Hildebrandt M, Lacombe M L, Mesnildrey S, Véron M
Unité de Biochimie Cellulaire, CNRS-URA 1129, Institut Pasteur, Paris, France.
Nucleic Acids Res. 1995 Oct 11;23(19):3858-64. doi: 10.1093/nar/23.19.3858.
Recently, a DNA binding protein 'PUF' was purified that binds to a poly-pyrimidine rich element in the human c-myc promoter. Cloning of the corresponding gene surprisingly identified this putative transcription factor as isoform B of the enzyme nucleoside diphosphate kinase (NDPK-B) [Postel et al. (1993) Science, 261, 478-480], the product of the potential metastasis suppressor gene nm23-H2. Using different recombinant NDP kinases, we demonstrate by electrophoretic mobility shift analysis (EMSA) that the NDP kinase DNA binding properties are predominantly observed with human isoform B. Unlike typical DNA binding proteins that are involved in transcriptional regulation, binding occurs to single-stranded DNA rather than to a double-stranded oligonucleotide.
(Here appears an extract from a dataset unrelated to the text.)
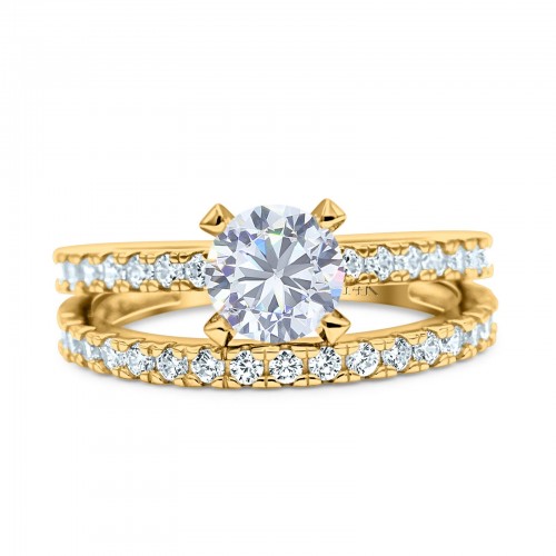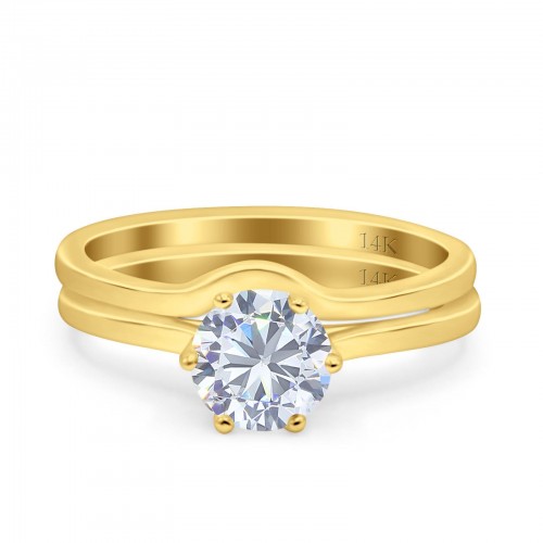 14K Yellow Gold Two Piece Round Wedding Ring Bridal Set Band Engagement Simulated CZ Size-7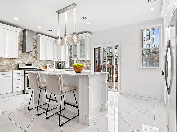 INSTANT MONEY MAKER! Amazing income producing two Family Bushwick townhouse has it all and is move in ready! This turn of century house was built in 1905 and completely gut renovated in 2014. Currently configured with a owners duplex with 3 bedrooms, plus a home office and 2.5 bathrooms. Over a garden, level 2 bedroom, 1 bathroom apartment. Garden Apartment is currently occupied with an income-producing tenant paying a strong market rate rent! (Property can be delivered vacant if necessary.) Additionally a fully finished basement provides additional storage for the entire property. As you enter the owners duplex, there is a generous living room that displays a stunning & modern decorative stone fireplace, charming exposed brick walls, recessed lighting and wide plank wood flooring all in perfect condition. There is ample space for formal dining. The kitchen is modern with a large center island and perfect for any chef. The beautiful white stone countertops are nicely paired with a glass backsplash and white cabinetry for an ultra-clean look. Stainless steel appliances are featured throughout the kitchen. There is a huge deck just off the rear of the kitchen that leads to a shared garden. All 4 bedrooms are located upstairs. The master bedroom easily fits a king sized bed, features a Juliet balcony and has an en-suite full bath. Washer / dryer is also located in the unit. The garden level of the home is your moneymaker! This level of the home has 2 bedrooms, 1 bathroom, and a shared large garden. With similar finishes to the owners duplex the large living room features: the decorative stone fireplace, recessed lighting and wide plank wood flooring all in excellent condition. The open kitchen plan is modern with beautiful white stone countertops are nicely paired with cherry cabinetry. Stainless steel appliances are also included. Both bedrooms are generous in size. There is a laundry room located in the basement to service this unit. This one is not to be missed! Nicely located on the Bushwick / Bed-stuy border with easy access to shopping an transportation.

As a consequence, complexes of single-stranded DNA and NDPK-B are generated from double-stranded oligonucleotide hybrids in an ATP independent manner. In addition to the c-myc element, NDPK-B is binding in vitro to a variety of poly-pyrimidine rich sequences including dC or dT homo-oligomers, (CT)n dinucleotide repeats, the initiator region of the Adenovirus major late promoter and even poly-pyrimidine rich RNAs. The possible consequences of these findings in understanding the multiple roles of NDP kinase are discussed.
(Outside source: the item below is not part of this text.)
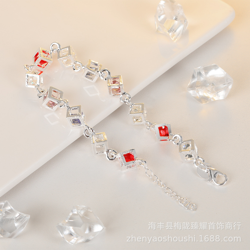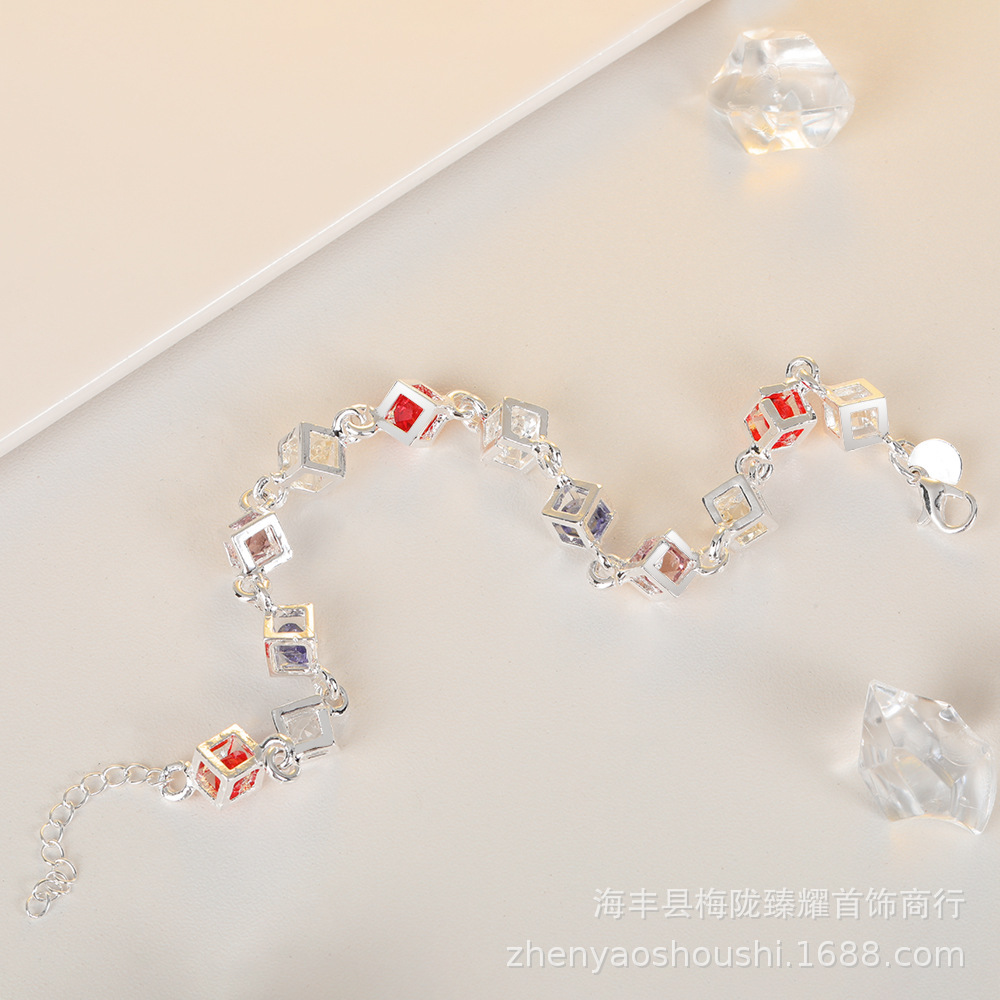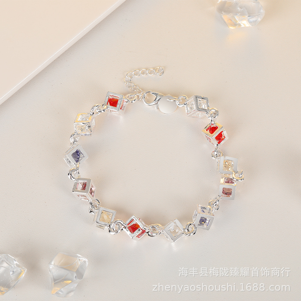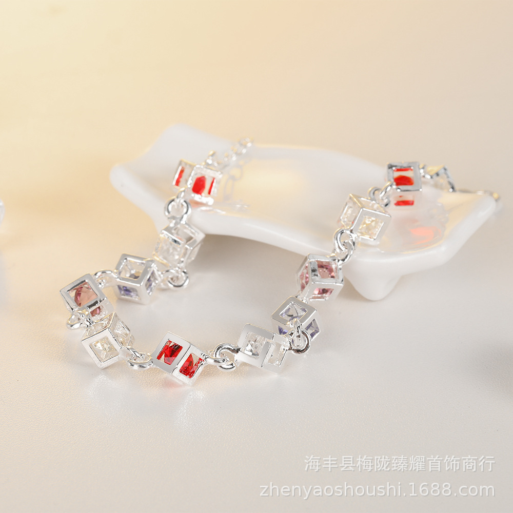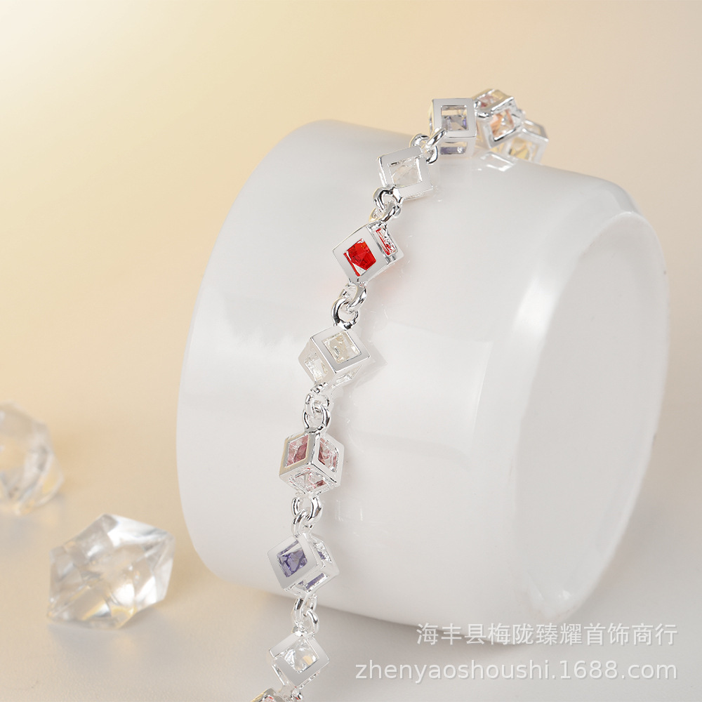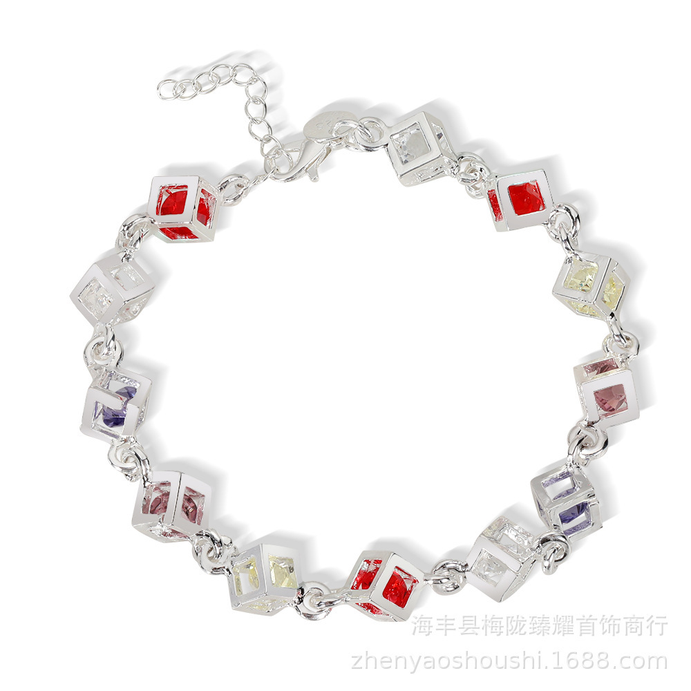 江銘の12個のルービックキューブの合金は銀のブレスレットの女性の方眼のカラーのジルコニウムのダイヤモンドをめっきします。

最近,一种与人类c-myc启动子中富含多嘧啶元件结合的DNA结合蛋白“PUF”被纯化出来。相应基因的克隆令人惊讶地发现,这个假定的转录因子是核苷二磷酸激酶(NDPK-B)的同工型B[波斯泰尔等人(1993年),《科学》,第261卷,第478 - 480页],即潜在转移抑制基因nm23-H2的产物。通过使用不同的重组NDP激酶,我们通过电泳迁移率变动分析(EMSA)证明,NDP激酶的DNA结合特性主要在人类同工型B中观察到。与参与转录调控的典型DNA结合蛋白不同,它与单链DNA而非双链寡核苷酸结合。因此,单链DNA和NDPK-B的复合物以不依赖ATP的方式从双链寡核苷酸杂交体中产生。除了c-myc元件外,NDPK-B在体外还能与多种富含多嘧啶的序列结合,包括dC或dT同聚物、(CT)n二核苷酸重复序列、腺病毒主要晚期启动子的起始区域,甚至富含多嘧啶的RNA。本文讨论了这些发现对于理解NDP激酶多种作用的可能影响。